Бабушка Каролина писала в тридцатые о том, что она видела и запомнила в Первую Мировую, в Гражданскую и после. Но рыбаки на тонком льду, зимнее пламя под ледяными небесами, стук молотов, всплески острог, смертные пляски отвратительно живучих рыб, кровящая вода, разливающаяся по льду, жадные пасти полыней – это не просто вошло в память, к которой нужно обращаться, оборачиваясь назад, а как бы всегда стояло впереди, перед глазами, как провозвестие.
Холодными вечерами за голыми березами рощи занимался красный закат; бабушка особенно отмечала, что закат именно красный, – уже уяснила цвет большевистских знамен или приписала себе эту колористическую прозорливость задним числом?
«Милый друг, и в этом тихом доме лихорадка бьет меня», – бабушка Каролина упомянула, что, прочитав в двадцатые эти строки Блока, она сразу же вспомнила осень семнадцатого года в усадьбе; как будто Блок писал о ней, о ее чувствах.
Кирилл взял с полки синий том из собрания сочинений Блока. С раскрытых страниц выскользнул осиновый лист, потерявший багровый цвет, – бабушка любила такие случайные закладки.
Кирилл замер. Бабушка, начиная в первый раз читать, естественно, не знала, какими будут последние строки стихотворения. А на нее посмотрел светящими очами ангел бури Азраил, ангел смерти, проводник душ.
Яростный глаз Бога, плывущий в сумерках, пылающая шаровая молния в белой зале, обморок, немота, обреченность, одиночество – и, словно в зеркале, через неполные десять лет встреча со сродным опытом старшего гениального современника; будто число великих образов ограничено, как число карт в колоде у гадалки, и в сходной ситуации всегда выпадает один и тот же.
Кирилл вспомнил, как на Немецком кладбище сам чувствовал взгляд Ока – с масонского надгробия; и запретил себе думать в эту сторону, будто хотел избежать рифмы судеб.
Страшен мне уют…
Большую залу закрыли. Укрыли холстиной – как раньше на время похорон – рояль. За три года он расстроился; прежде из города приезжал настройщик, но теперь он куда-то пропал, и рояль больше не звучал; не было и тех славных вечеров, для которых его покупали. Исчез и стекольщик, которого хотели позвать починить окна к зиме; предчувствуя беду, люди снимались с мест. Раньше бы нашли другого, а тут оказалось, что мастера существуют в единственном числе, а материальный мир стремительно беднеет: уже не купить стекла, керосина, соли, мыла, гвоздей, все припрятано на случай нехватки или в расчете на барыш.
Кажется, прадед Арсений втайне боялся этого оскудения. Он был твердым человеком, но твердым в надежные времена, когда порядок вещей не нарушен. А тут словно и вещи включились в человеческие игры, в революционную смену личин, сторон, партий, перестали быть, чем кажутся: керосин только пах керосином, а был водой, мыло не мылилось, сахар давал меловой осадок, а среди денег стали попадаться фальшивки. И Арсений все чаще стал уединяться на втором этаже, в маленькой комнате, которая раньше принадлежала Бальтазару. После его смерти туда сносили ненужные или сломанные вещи; там еще стояли на полках гомеопатические склянки, старинные медицинские книги, а в маленьком, обитом медью сундуке, запиравшемся на ключ, лежали бумаги Бальтазара – письма, записи, врачебные трактаты.
Лина тайком поднималась по скрипучей лестнице; подглядывать было невозможно, и она слушала, как отец отпирает крышку сундука, как шелестят бумаги, звякает о край чернильницы перо.
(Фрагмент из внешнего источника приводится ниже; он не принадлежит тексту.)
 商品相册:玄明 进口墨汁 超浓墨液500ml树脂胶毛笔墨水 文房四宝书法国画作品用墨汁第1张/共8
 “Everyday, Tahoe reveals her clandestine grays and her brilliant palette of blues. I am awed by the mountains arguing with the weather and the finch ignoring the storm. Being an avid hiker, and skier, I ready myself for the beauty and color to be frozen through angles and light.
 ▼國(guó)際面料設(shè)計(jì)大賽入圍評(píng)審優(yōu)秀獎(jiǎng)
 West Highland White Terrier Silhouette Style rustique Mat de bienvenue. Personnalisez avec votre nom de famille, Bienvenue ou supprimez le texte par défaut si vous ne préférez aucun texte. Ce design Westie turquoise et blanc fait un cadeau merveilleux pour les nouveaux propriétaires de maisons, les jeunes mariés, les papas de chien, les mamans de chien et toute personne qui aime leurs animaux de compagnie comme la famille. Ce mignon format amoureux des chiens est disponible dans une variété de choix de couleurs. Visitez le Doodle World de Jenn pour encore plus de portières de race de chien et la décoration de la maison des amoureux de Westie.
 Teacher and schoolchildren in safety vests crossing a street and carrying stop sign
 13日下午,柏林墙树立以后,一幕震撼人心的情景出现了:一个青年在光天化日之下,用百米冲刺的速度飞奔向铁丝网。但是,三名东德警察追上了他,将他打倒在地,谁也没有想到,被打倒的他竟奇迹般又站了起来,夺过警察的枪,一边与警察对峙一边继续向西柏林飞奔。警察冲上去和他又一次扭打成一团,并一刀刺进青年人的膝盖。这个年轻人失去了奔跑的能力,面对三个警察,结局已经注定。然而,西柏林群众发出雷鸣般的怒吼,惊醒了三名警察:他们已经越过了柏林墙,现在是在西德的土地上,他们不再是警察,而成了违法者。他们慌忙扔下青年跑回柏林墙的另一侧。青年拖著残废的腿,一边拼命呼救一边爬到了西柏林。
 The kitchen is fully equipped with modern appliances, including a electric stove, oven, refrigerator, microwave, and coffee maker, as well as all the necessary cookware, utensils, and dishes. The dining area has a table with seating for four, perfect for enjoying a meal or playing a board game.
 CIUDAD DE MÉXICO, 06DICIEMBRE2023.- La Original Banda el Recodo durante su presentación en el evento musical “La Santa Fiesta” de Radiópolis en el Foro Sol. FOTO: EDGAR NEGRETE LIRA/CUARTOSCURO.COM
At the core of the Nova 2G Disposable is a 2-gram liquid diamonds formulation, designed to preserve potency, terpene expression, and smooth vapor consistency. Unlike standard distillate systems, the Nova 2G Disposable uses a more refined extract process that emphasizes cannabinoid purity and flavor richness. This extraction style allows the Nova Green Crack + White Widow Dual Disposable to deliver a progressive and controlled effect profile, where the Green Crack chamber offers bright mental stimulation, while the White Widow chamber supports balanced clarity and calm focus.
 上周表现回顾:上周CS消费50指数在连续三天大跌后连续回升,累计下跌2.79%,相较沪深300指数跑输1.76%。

Он сидел там на переломе года и эпох, как Бальтазар в Башне Уединения, читал документы деда, вел свои записи – в уже не существующей стране, готовой рухнуть в пропасть, стране, где он появился на свет, потому что его предок поверил в химеру, и химера, совокупившись с местной чреватой почвой, родила потомство искаженных судеб.
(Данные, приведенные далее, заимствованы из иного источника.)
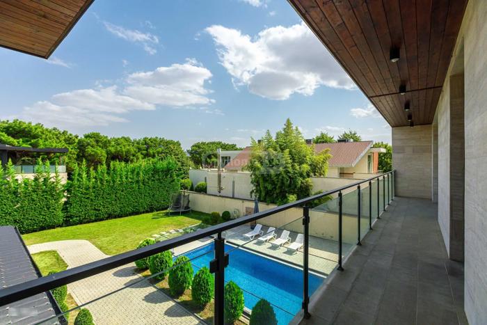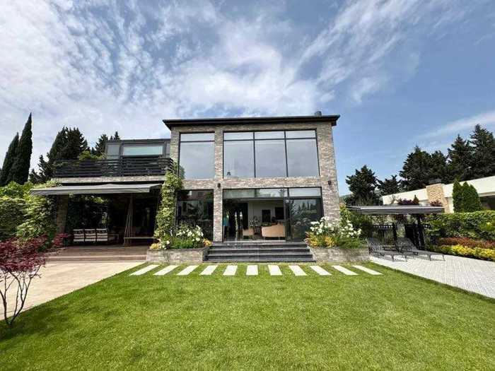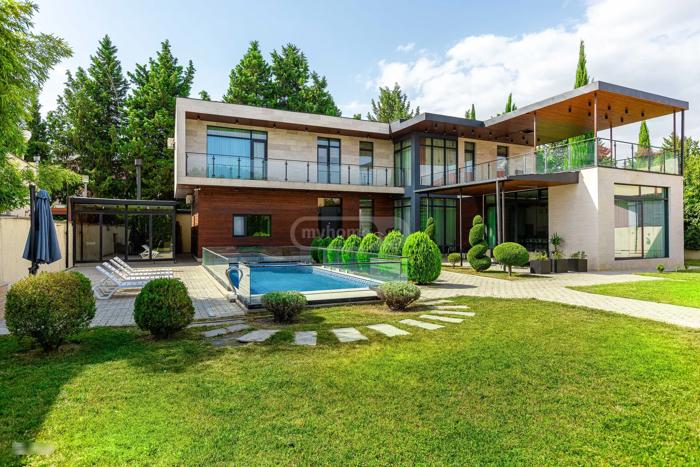 For sale: 2-story villa in Digomi 7 - in a quiet, elite neighborhood surrounded by pines, with a pool, entertainment space, and parking for 5 cars. House area - 500 sq.m land area - 1100 sq.m - 5 bedrooms (3 master bedrooms with walk-in closets and bathrooms) - 5 bathrooms - very large kitchen/dining room that turns into a summer space through sliding doors - large living room - 50 sq.m veranda - 30 sq.m patio (outdoor summer space) - pool (9X4) - 50 sq.m cellar with entertainment area and also a bathroom - parking for 5 cars
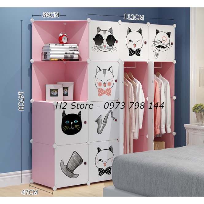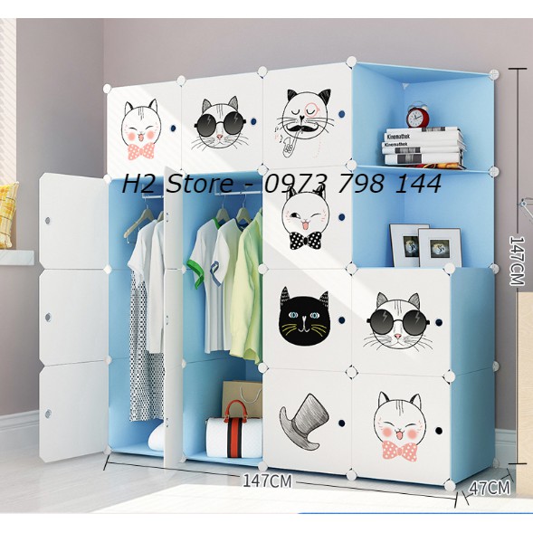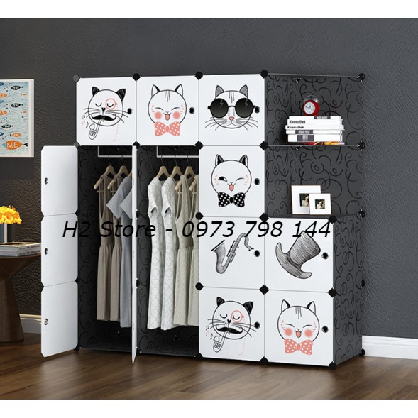 TỦ NHỰA GHÉP THÔNG MINH 16 Ô ( GỒM 2 KỆ GÓC ) CỬA HÌNH MÈO MŨ DỄ THƯƠNG ĐỂ ĐỒ ĐA NĂNG SÂU 47CM
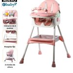 Silla de Comer Ebaby Plegable Doble Bandeja LULU Rosado
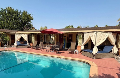 Villa C - a studio with kitchen A few steps from downtown Palm Springs! 👑 has 1 Bedroom , 1 Bathroom, and max occupancy of 2 people. The minimum rental for this property is 1 nights, but this can change depending on the season you plan on staying. Previous guests have given good rated it, and VRBO labeled it a top-rated Apartment because of the excellent services rendered by the owner or manager of this Apartment, and has consistently provided great experiences for their guests. Most families or guests that use it recommend it to their friends and some of them are repeat guests. Apartment has a friendly neighborhood, and the Historic Tennis Club has interesting places to visit. If you want to learn more about the Apartment in Historic Tennis Club, such as places to visit and things to do nearby, you can check below to learn more.

Отец ничего не рассказывал о том, чем занимается он на чердаке. Лина чувствовала, что Софья хотела бы вытащить мужа из несвоевременного убежища, принудить к настоящему, – но Арсений был неподатлив, готов на молчаливую ссору, лишь бы его оставили одного.
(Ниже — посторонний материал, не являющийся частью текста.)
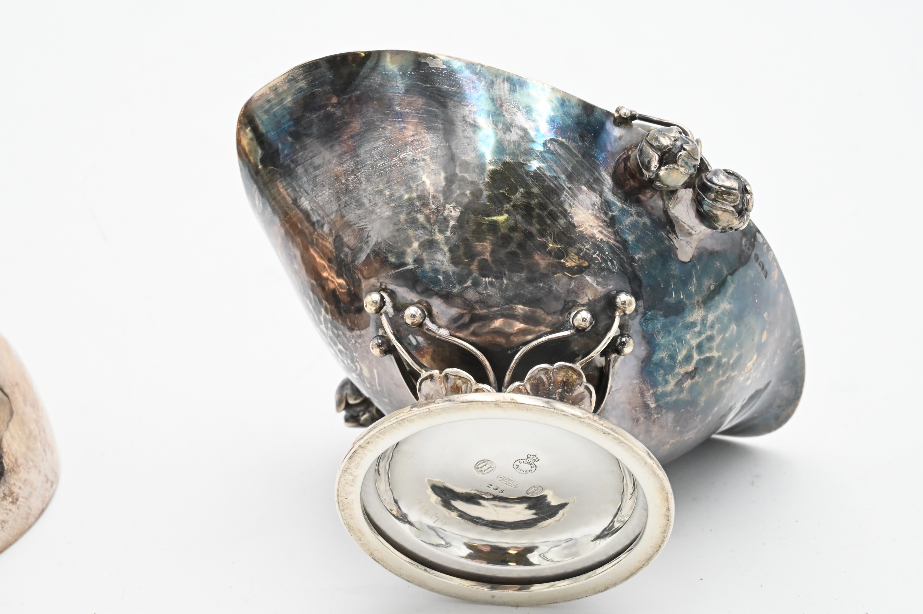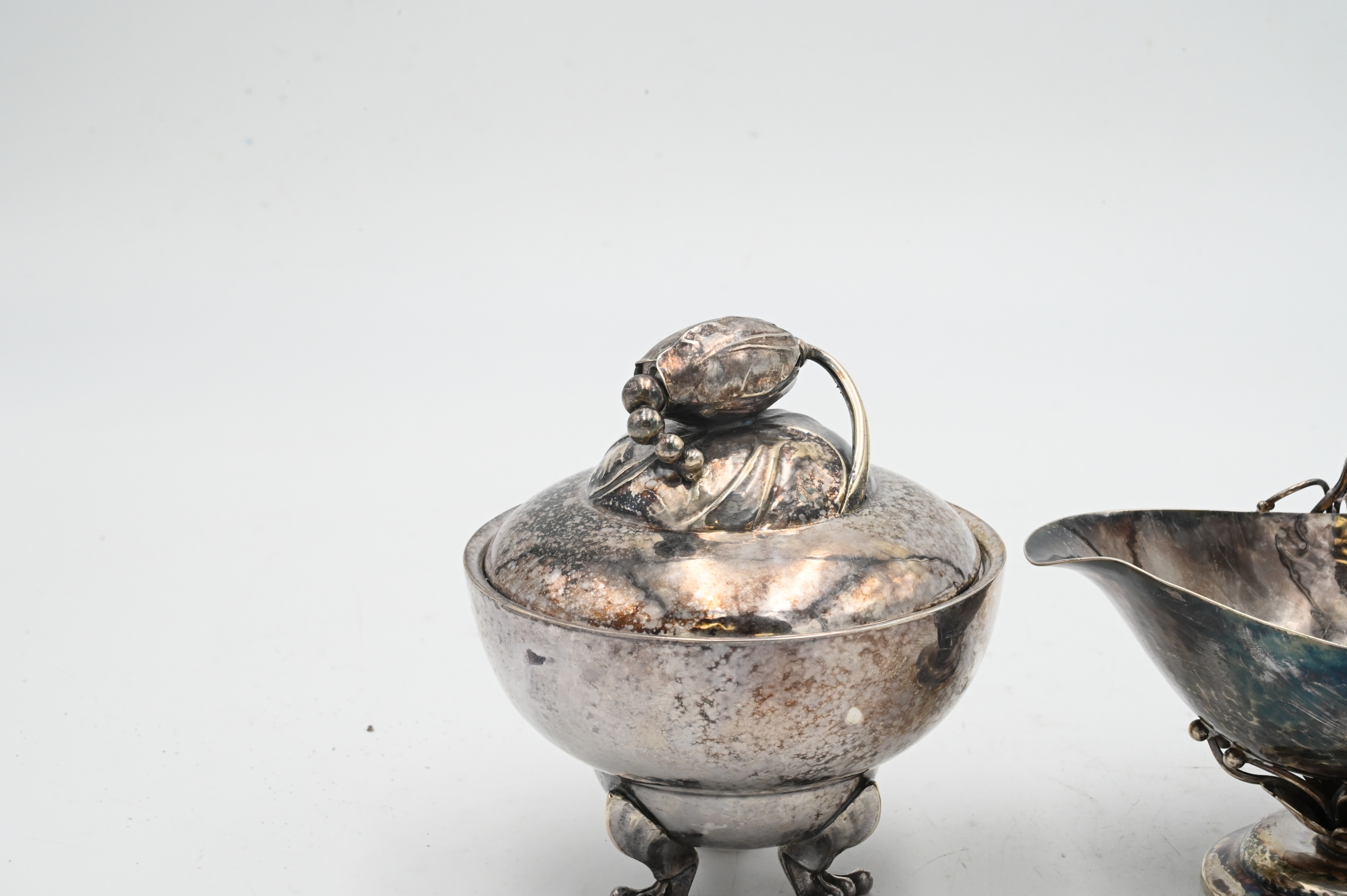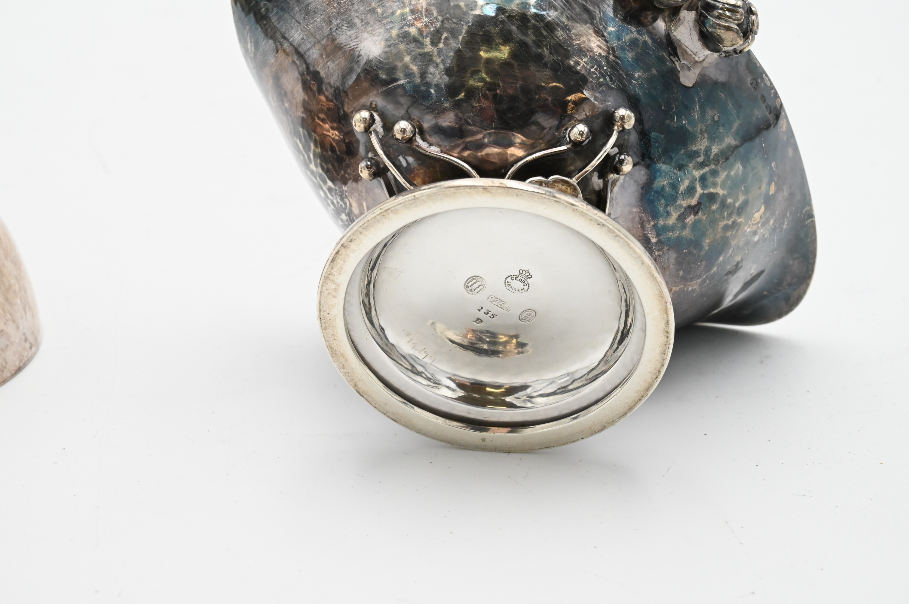 Two Piece Georg Jensen Sterling Silver Covered Sugar Lot, height 4 1/2 inches and Open Sugar Bowls, height 3 1/2 inches 12.4 t.oz.

Кирилл ощущал, что в нем живет та же упорная сила, сопротивляющаяся животному зову бегства, требующая, чтобы прошлое, от которого ты бежишь, с которым порываешь, тем не менее было перебрано, так сказать, упаковано для транспортировки, иначе тревога о чем-то возможно позабытом, не понятом, не проясненном не даст тронуться в путь или будет водить ведьмиными кругами; иначе ты не пройдешь, зацепишься, застрянешь.